The project is based on the observation that art projects in public space are often visible only for a limited period of time, depending on the nature of the medium. Their documentation may remain fragmentary or dispersed, making it difficult to reconstruct these works retrospectively in relation to their original sites. As a result, not only do individual works risk being forgotten more quickly, but the city itself also remains only partially legible as a public space of art. AR-A responds to this challenge by proposing the concept of a spatial, mobile, and sustainably accessible archive.

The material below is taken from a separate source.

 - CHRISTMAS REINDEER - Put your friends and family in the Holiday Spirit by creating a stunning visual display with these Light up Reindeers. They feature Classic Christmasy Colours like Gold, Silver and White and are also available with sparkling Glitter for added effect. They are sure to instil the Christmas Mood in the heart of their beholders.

At the centre of the project is the development of a prototype AR system for Düsseldorf, conceived as a pilot study with relevance for the wider state of North Rhine-Westphalia. Planned activities include case studies of recent and earlier art projects, the development of a requirements framework for an AR platform from archival, artistic, and user-centred perspectives, as well as the formulation of recommendations for different usage scenarios ranging from the retrospective archiving of historical works to the direct documentation of artworks in the course of their creation.

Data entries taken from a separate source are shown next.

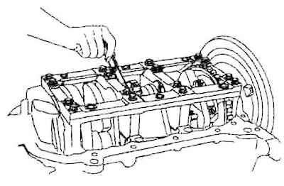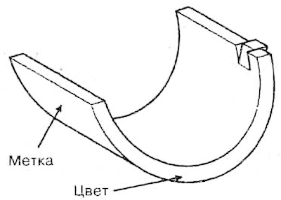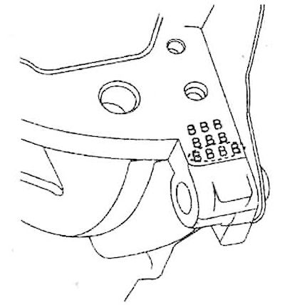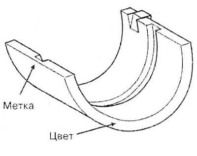 4. Буквы, выбитые на конце блока цилиндров, являются меткой размера каждой из четырех коренных опор. Использовать эти метки, а также метки на коленчатом вале для выбора шатунных вкладышей. Положение меток для подбора вкладышей коренных подшипников:
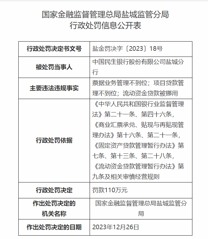 主要违法违规事实:票据业务管理不到位;项目贷款管理不到位;流动资金贷款被挪用。2023年,民生银行还有违规处罚情况。去年7月26日,据国家金融监督管理总局江苏监管局官网公示的行政处罚信息公开表得知,中国民生银行股份有限公司宿迁分行近期因“浮利分费”等三项违规行为被罚110万元,另有三名责任人也遭到警告及罚款。让人诧异的是,民生银行宿迁分行早在2022年就被监管处罚过,属于“惯犯”,据中国银行保险监督管理委员会官网2022年6月6日公布的《宿迁银保监分局行政处罚信息公开表(宿银保监罚决字〔2022〕18号)》显示,中国民生银行股份有限公司宿迁分行办理无真实贸易背景的银行承兑汇票、以票据贴现资金作保证金虚增存款两项违规,依据《中华人民共和国银行业监督管理法》第四十六条第(五)项、《中华人民共和国商业银行法》第七十四条第(三)项,中国银行保险监督管理委员会宿迁监管分局对其罚款人民币155万元。
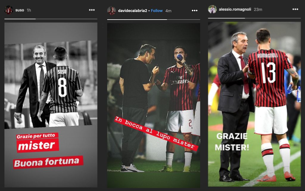Часть футболистов «Милана» поблагодарили в социальных сетях бывшего тренера за совместную работу. В их число вошли Сусо, Давиде Калабрия, Алессио Романьоли, Тео Эрнандес и Джиджо Доннарумма.
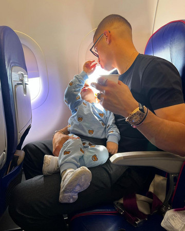 Η ίδια έβγαλε φωτογραφία τους άντρες της ζωής της σε μια ξεχωριστή στιγμή εν ώρα πτήσης. Τα παιχνίδια μέσα στο αεροπλάνο κέντρισαν το ενδιαφέρον της ραδιοφωνικής παραγωγού και απαθανάτισε την στιγμή.

In the long term, AR-A aims to make art in public space digitally and durably accessible: for the public, as a new form of urban mediation; for artists, as a tool for the sustainable documentation of their work; and for institutions such as the Düsseldorf Art Commission, as a practical approach to archiving and administration. The project is being carried out by MIREVI at Hochschule Düsseldorf in cooperation with Witten/Herdecke University (Prof. Dr. Renate Buschmann, Chair of Digital Arts and Cultural Mediation) and the artist Michalis Nicolaides.
Funded in 2026 by the Regional Culture Funding programme of the Landschaftsverband Rheinland (LVR).